Work to complete - In the listing that follows, locate the line containing "Апартаменты двухэтажные, вход" and the line containing "老老竇竇,計毛毛話,使乜買咁". Retype exactly those two lines and every line between them, and nothing more.

Excerpted records -
⁂

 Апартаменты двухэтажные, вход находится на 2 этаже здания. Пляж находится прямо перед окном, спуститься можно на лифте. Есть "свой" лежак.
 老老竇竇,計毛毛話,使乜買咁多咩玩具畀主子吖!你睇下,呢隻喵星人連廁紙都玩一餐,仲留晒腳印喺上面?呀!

⁂

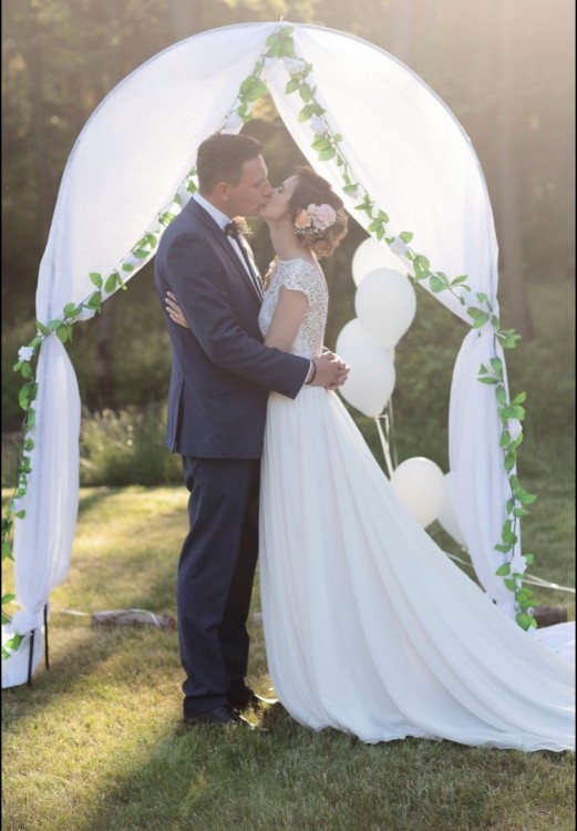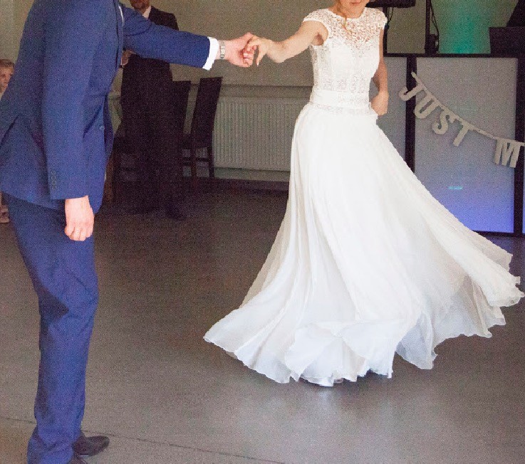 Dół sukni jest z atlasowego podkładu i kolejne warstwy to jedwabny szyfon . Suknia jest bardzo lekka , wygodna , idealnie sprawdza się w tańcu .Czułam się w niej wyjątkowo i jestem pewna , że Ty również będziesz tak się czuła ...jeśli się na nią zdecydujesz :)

⁂

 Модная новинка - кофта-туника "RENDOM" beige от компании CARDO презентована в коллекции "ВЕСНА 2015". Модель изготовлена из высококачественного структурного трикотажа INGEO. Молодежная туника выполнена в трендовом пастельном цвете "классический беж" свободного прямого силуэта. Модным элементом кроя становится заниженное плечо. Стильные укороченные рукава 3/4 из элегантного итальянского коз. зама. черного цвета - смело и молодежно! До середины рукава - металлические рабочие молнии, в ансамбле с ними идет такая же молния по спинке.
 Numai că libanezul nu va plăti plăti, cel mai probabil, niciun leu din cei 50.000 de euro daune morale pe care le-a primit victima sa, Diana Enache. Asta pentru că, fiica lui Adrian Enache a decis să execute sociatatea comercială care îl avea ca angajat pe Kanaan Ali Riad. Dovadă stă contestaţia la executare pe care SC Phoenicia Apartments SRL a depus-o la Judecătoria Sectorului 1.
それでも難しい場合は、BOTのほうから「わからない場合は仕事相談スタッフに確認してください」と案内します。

⁂

Answer -
 Апартаменты двухэтажные, вход находится на 2 этаже здания. Пляж находится прямо перед окном, спуститься можно на лифте. Есть "свой" лежак.
 老老竇竇,計毛毛話,使乜買咁多咩玩具畀主子吖!你睇下,呢隻喵星人連廁紙都玩一餐,仲留晒腳印喺上面?呀!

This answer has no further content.